Explainability-Guided Adversarial Attacks on Transformer-Based Malware Detectors Using Control Flow Graphs

TL;DR

This paper reveals vulnerabilities in transformer-based malware detectors that analyze control flow graphs, demonstrating how explainability tools can be exploited to craft effective adversarial evasion attacks.

Contribution

It introduces a white-box attack method using explainability techniques to identify and perturb influential graph components, exposing security weaknesses in transformer-based malware detection.

Findings

The attack reliably induces misclassification in malware detectors.

Explainability tools can be exploited to find critical attack surfaces.

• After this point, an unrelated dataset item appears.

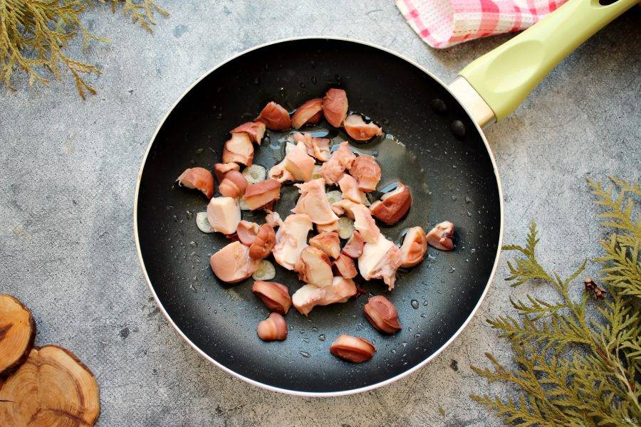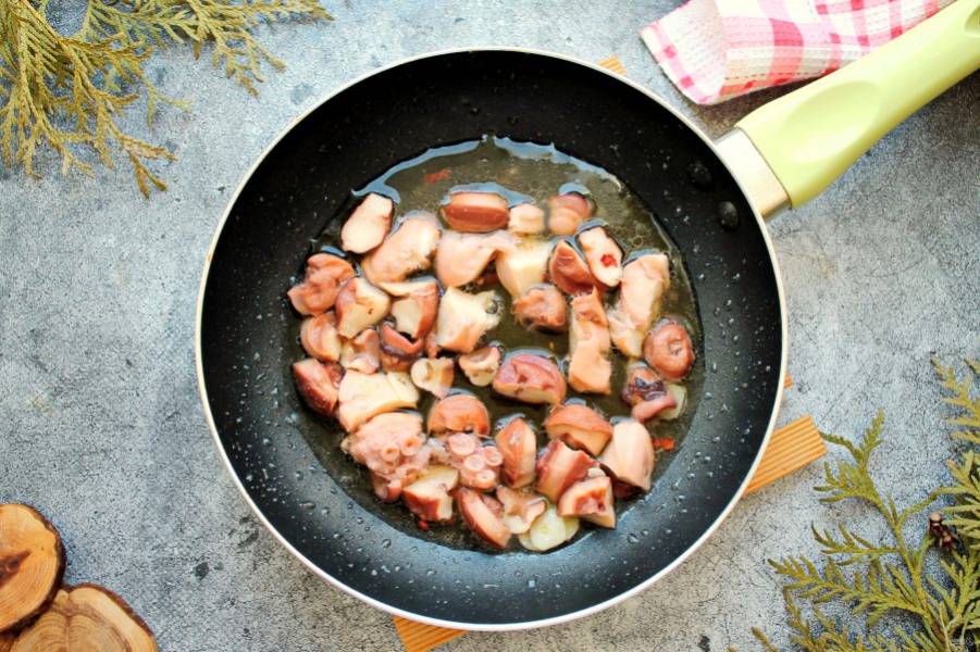 Готовый осьминог порежьте на кусочки и выложите в сковороду с чесноком и перцем, посолите. Обжаривайте все на среднем огне 3 минуты.

Transformer-based detectors are vulnerable despite high accuracy.

Abstract

Transformer-based malware detection systems operating on graph modalities such as control flow graphs (CFGs) achieve strong performance by modeling structural relationships in program behavior. However, their robustness to adversarial evasion attacks remains underexplored. This paper examines the vulnerability of a RoBERTa-based malware detector that linearizes CFGs into sequences of function calls, a design choice that enables transformer modeling but may introduce token-level sensitivities and ordering artifacts exploitable by adversaries. By evaluating evasion strategies within this graph-to-sequence framework, we provide insight into the practical robustness of transformer-based malware detectors beyond aggregate detection accuracy. This paper proposes a white-box adversarial evasion attack that leverages explainability mechanisms to identify and perturb most influential graph components. Using token- and word-level attributions derived from integrated gradients, the attack iteratively replaces positively attributed function calls with synthetic external imports, producing adversarial CFG representations without altering overall program structure. Experimental evaluation on small- and large-scale Windows Portable Executable (PE) datasets demonstrates that the proposed method can reliably induce misclassification, even against models trained to high accuracy. Our results highlight that explainability tools, while valuable for interpretability, can also expose critical attack surfaces in transformer-based malware detectors.